Deprecated. Use the non-mutating API, from_vector.

For internal usage in performance-sensitive spots, see _from_vector_inplace()

Parameters

vector ((n_parameters,) ndarray) – Flattened representation of this object

has_nan_values()

Tests if the vectorized form of the object contains nan values or not. This is particularly useful for objects with unknown values that have been mapped to nan values.

Returns

has_nan_values (bool) – If the vectorized object contains nan values.

classmethod init_from_2d_shear(phi, psi, degrees=True)

Convenience constructor for 2D shear transformations about the origin.

Parameters
  • phi (float) – The angle of shearing in the X direction.

  • psi (float) – The angle of shearing in the Y direction.

  • degrees (bool, optional) – If True phi and psi are interpreted as degrees.
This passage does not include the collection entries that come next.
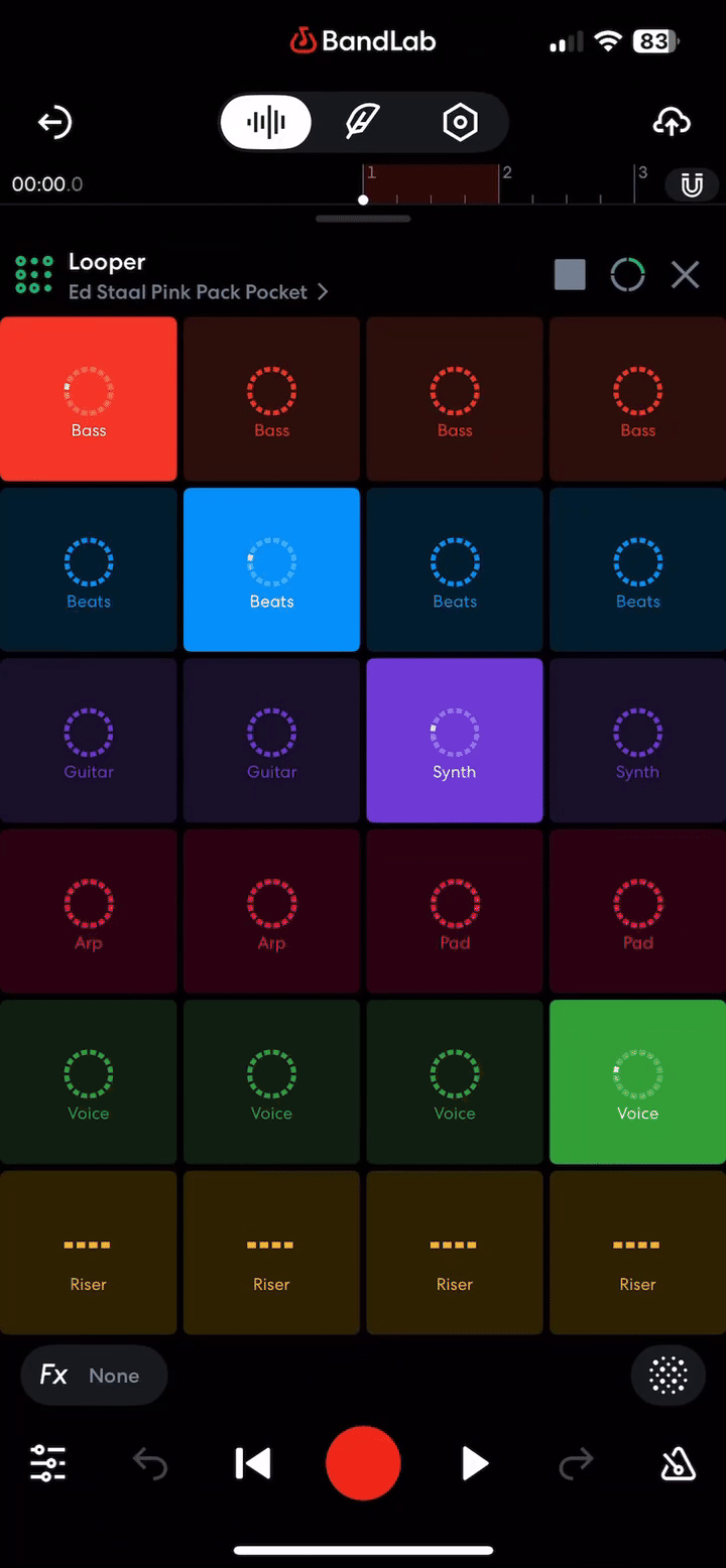 Looper allows you to trigger pre-made Loop Packs provided on BandLab. It's currently only available on the BandLab iOS and Android Mobile apps.
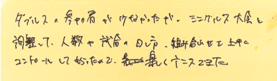 優勝は、シングルスは梅田選手、ダブルスは、山田選手・松田選手組でした!
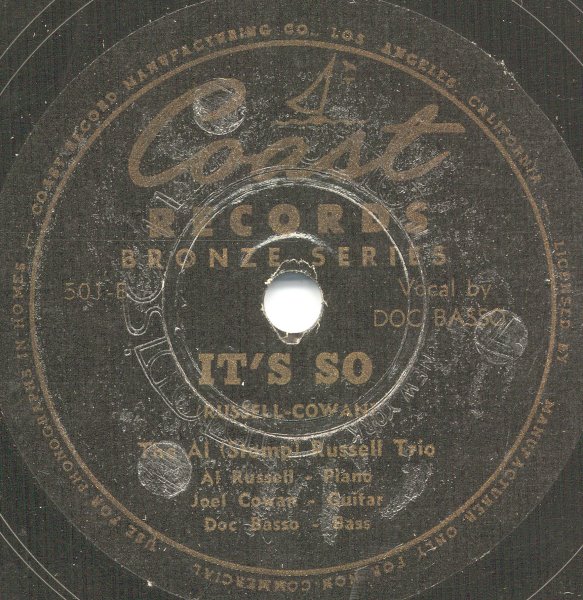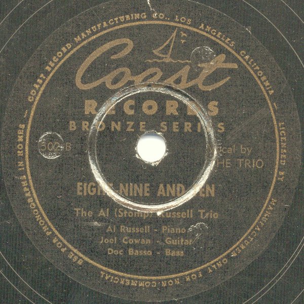 There was a little blurb in the June 23, 1945 Billboard that said: "Nat [Vincent] got the Al (Stomp) Russell Trio (Al Russell, Joel Cowan and Doc Basso) a Peerless Record date and they waxed eight of their tunes. Four of them are Shy Ann, Kelly With The Jelly, Eight-Nine-Ten, and It's So". Peerless and Coast were both owned by Paul Mayer (with Charlie Washburn as the recording director).
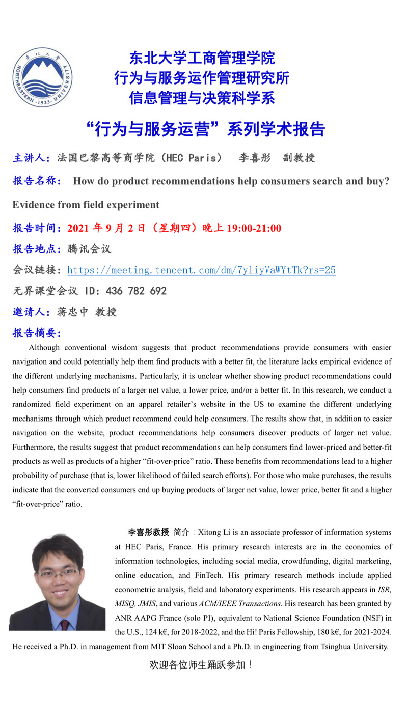 邀请法国巴黎高等商学院(HEC Paris)李喜彤副教授学术报告
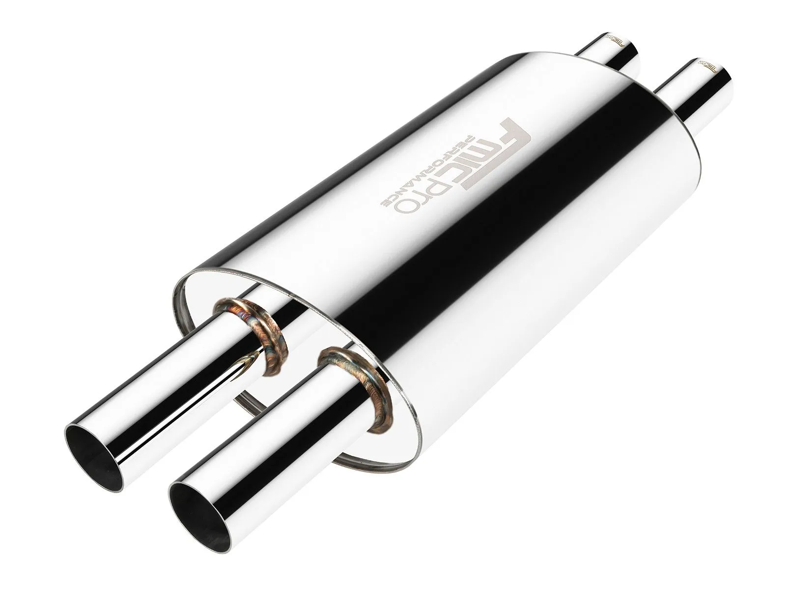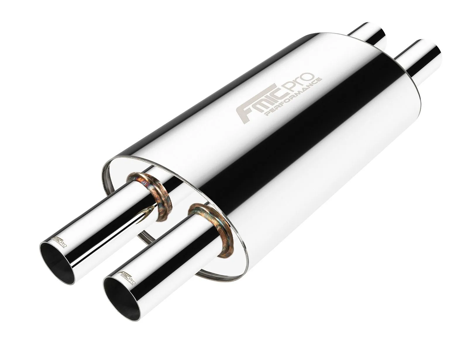 Tłumiki FMIC Pro to jedne z najbardziej zaawansowanych tłumików przelotowych dostępnych na rynku tuningowym. Wykonane w 100% ze stali nierdzewnej gatunku 304, niezwykle precyzyjnie, ręcznie spawane w komorze argonowej, gwarantują niesamowity wygląd i wytrzymałość. Wewnętrzna budowa tłumika porównywalna jest do produktów światowych liderów branży, składa się z kilku warstw: nierdzewna rura perforowana nierdzewna siatka zapobiegająca wypalaniu materiału tłumiącego oraz przedostawaniu się wełny nierdzewnej do przelotowej strefy tłumika nierdzewna wełna będąca pierwszym materiałem wygłuszeniowym, odporna na wypalanie włókno ognioodporne będące drugą warstwą materiału wygłuszeniowego, zapobiegająca "brzęczeniu" tłumika Tłumiki przelotowe FMIC Pro wykończone są w wysokim połysku, gwarantują znakomity przelot spalin, zachowując rasowe brzmienie tuningowej jednostki napędowej. Tłumik można stosować zarówno jako środkowy, jak i końcowy. Odstęp pomiędzy wyjściami pozwala na montaż równolegle dwóch flansz lub v-bandów, co znacznie ułatwia używanie go jako tłumika środkowego. Pozostawienie dwóch nierdzewnych wylotów lub uzbrojenie ich w dodatkowe, tuningowe końcówki sprawia, że znakomicie sprawdzi się również jako tłumik końcowy. Wloty - 57mm Wyloty - 57mm Średnice puszki - 250 x 150mm Dł. puszki - 425mm Dł. całkowita 730mm
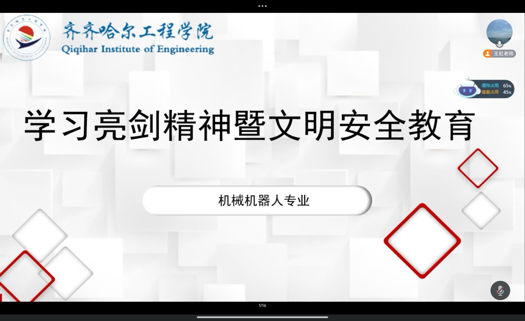 之后,王虹老师为学生们深入浅出地阐述《齐齐哈尔工程学院“亮剑”精神育人特色工作方案》:“亮剑”精神作为一种精神文化,在学校的建设过程中扎根、开花、结果。“我们面前无困难,困难面前有我们。要为成功想办法,不为失败找理由”的铮铮之志。接着王虹老师为学生们解读“亮剑”精神内涵:勇于担当,齐工程人秉承“亮剑”精神面对困难,打造丰富物质文化;勇往直前,齐工程人秉承“亮剑”精神不畏困难,打造充实行为文化;永不言败,齐工程人秉承“亮剑”精神挑战困难,打造坚实制度文化;追求卓越,齐工程人秉持“亮剑”精神战胜困难,打造深远精神文化。王虹老师说,亮剑精神不仅仅是在战场上勇往直前、敢于拼搏的勇气,更是在日常生活中面对困难和挑战时,坚定信念、永不退缩的决心,正如我们的校园文化,校外课堂,实习实践,第二课堂,积极参加技能竞赛都要克服困难,认真学习领悟体现齐工程人的“亮剑”精神。

If False, phi and psi are interpreted as radians.

Returns

shear_transform (Affine) – A 2D shear transform.

classmethod init_identity(n_dims)

Creates an identity matrix Affine transform.

Parameters

n_dims (int) – The number of dimensions.

Returns

identity (Affine) – The identity matrix transform.

pseudoinverse()

The pseudoinverse of the transform - that is, the transform that results from swapping source and target, or more formally, negating the transforms parameters. If the transform has a true inverse this is returned instead.

Returns

transform (type(self)) – The inverse of this transform.

pseudoinverse_vector(vector)

The vectorized pseudoinverse of a provided vector instance. Syntactic sugar for:

self.from_vector(vector).pseudoinverse().as_vector()

Can be much faster than the explict call as object creation can be entirely avoided in some cases.

Parameters

vector ((n_parameters,) ndarray) – A vectorized version of self

Returns

pseudoinverse_vector ((n_parameters,) ndarray) – The pseudoinverse of the vector provided

set_h_matrix(value, copy=True, skip_checks=False)

Deprecated Deprecated - do not use this method - you are better off just creating a new transform!

Updates h_matrix, optionally performing sanity checks.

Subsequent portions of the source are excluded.